The classic route up Tryfan is the north ridge, starting from a layby on the A5 about a mile east of the Idwal Cottage youth hostel. You go straight up. There is no path in the conventional sense, just a Grade 1 scramble that becomes harder if you follow the most direct line and easier if you traverse around the steeper sections. The Cannon Stone marks roughly the one-third point, and yes, you can stand on it for the photograph that every Tryfan veteran has somewhere. The upper ridge demands hands as well as feet. In wet weather the rock turns greasy and the holds disappear. Mountain rescue gets called out here often. The view from the summit, when the cloud lifts, takes in the whole Glyderau ridge to the south, the long roll of the Carneddau across the valley, and on a clear day the sea at Conwy Bay.
Milestone Buttress, the great slab at the mountain's foot, made Tryfan a destination for rock climbers from early in the sport's British history. The Direct Route, seventy-five metres of Very Difficult climbing, was first put up by G. Barlow and H. Priestly-Smith in 1910. It remains so popular that you sometimes have to queue at the base. Tryfan Bach on the other side offers gentler slabs that have introduced generations of beginners to mountain rock. The south ridge crosses Bristly Ridge to Glyder Fach, a magnificent traverse for scramblers who want a long day with their hands on the stone.

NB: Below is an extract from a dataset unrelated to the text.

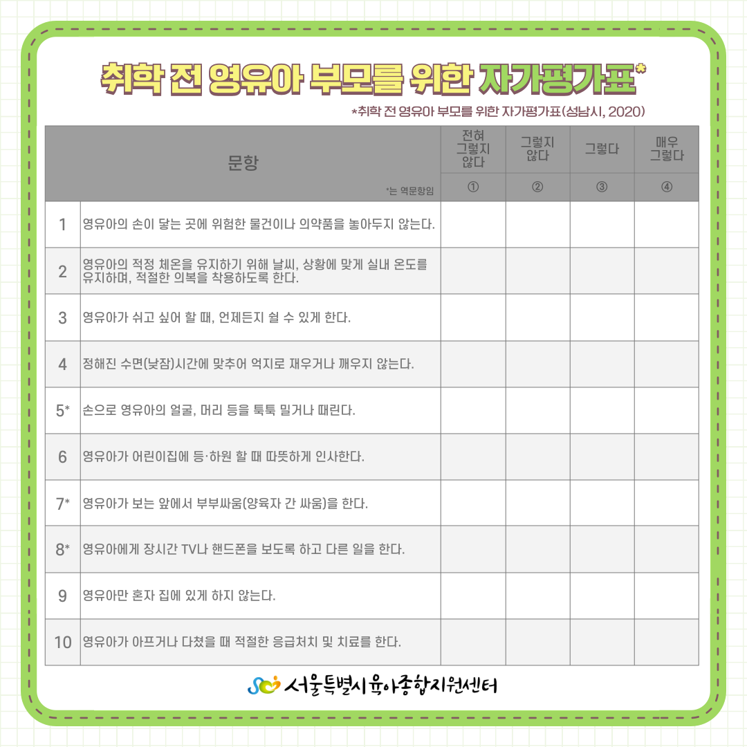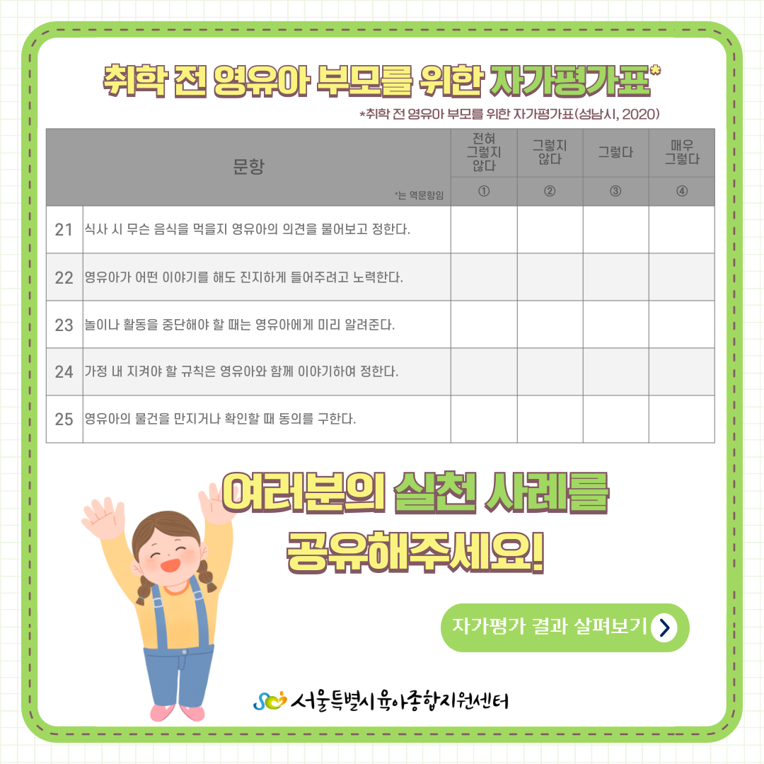 자가평가표 살펴보고, 가정에서 아동 권리를 위해 실천하고 있는 사례를 인스타그램 이벤트 게시글 댓글로 공유해주세요! 서울센터 인스타그램 팔로우, 게시글 좋아요 필수! 추첨을 통해 20명에게 음료 기프티콘을 드려요! 서울시 영유아 자녀를 둔 부모님이라면 누구나! 참여 가능하니 많은 관심과 참여 부탁드립니다. 이벤트 참여 바로가기>> https://www.instagram.com/p/C9wPtuUvLFx/?utm_source=ig_web_copy_link&igsh=MzRlODBiNWFlZA== |

Look for the goats. Feral goats, descendants of domesticated animals that escaped or were turned out centuries ago, live on Tryfan and across the Glyderau. They have long shaggy coats and curving horns and they perch on ledges that no human could reach. They watch climbers thoughtfully and occasionally appear in places that seem geometrically impossible. They have outlasted the slate industry, the railway, two world wars, and every change to the surrounding farms. They will probably outlast the rest of us too. Tryfan is their mountain. We are the visitors.
Tryfan rises at 53.11 north, 4.00 west, on the south side of Llyn Ogwen at the head of the Ogwen valley. The summit reaches 917.5 metres, 3,010 feet. The pointed triangular silhouette is the most distinctive single mountain in Eryri (Snowdonia) and reads clearly from any direction. Recommended viewing altitude 5,000 to 7,000 feet to see the mountain against the surrounding Glyderau ridge. Adam and Eve, the twin monoliths on the summit, are visible from the Ogwen valley floor in good light. Mountain weather can deteriorate rapidly. Nearest airports EGCK Caernarfon to the southwest and EGOV Valley on Anglesey to the northwest.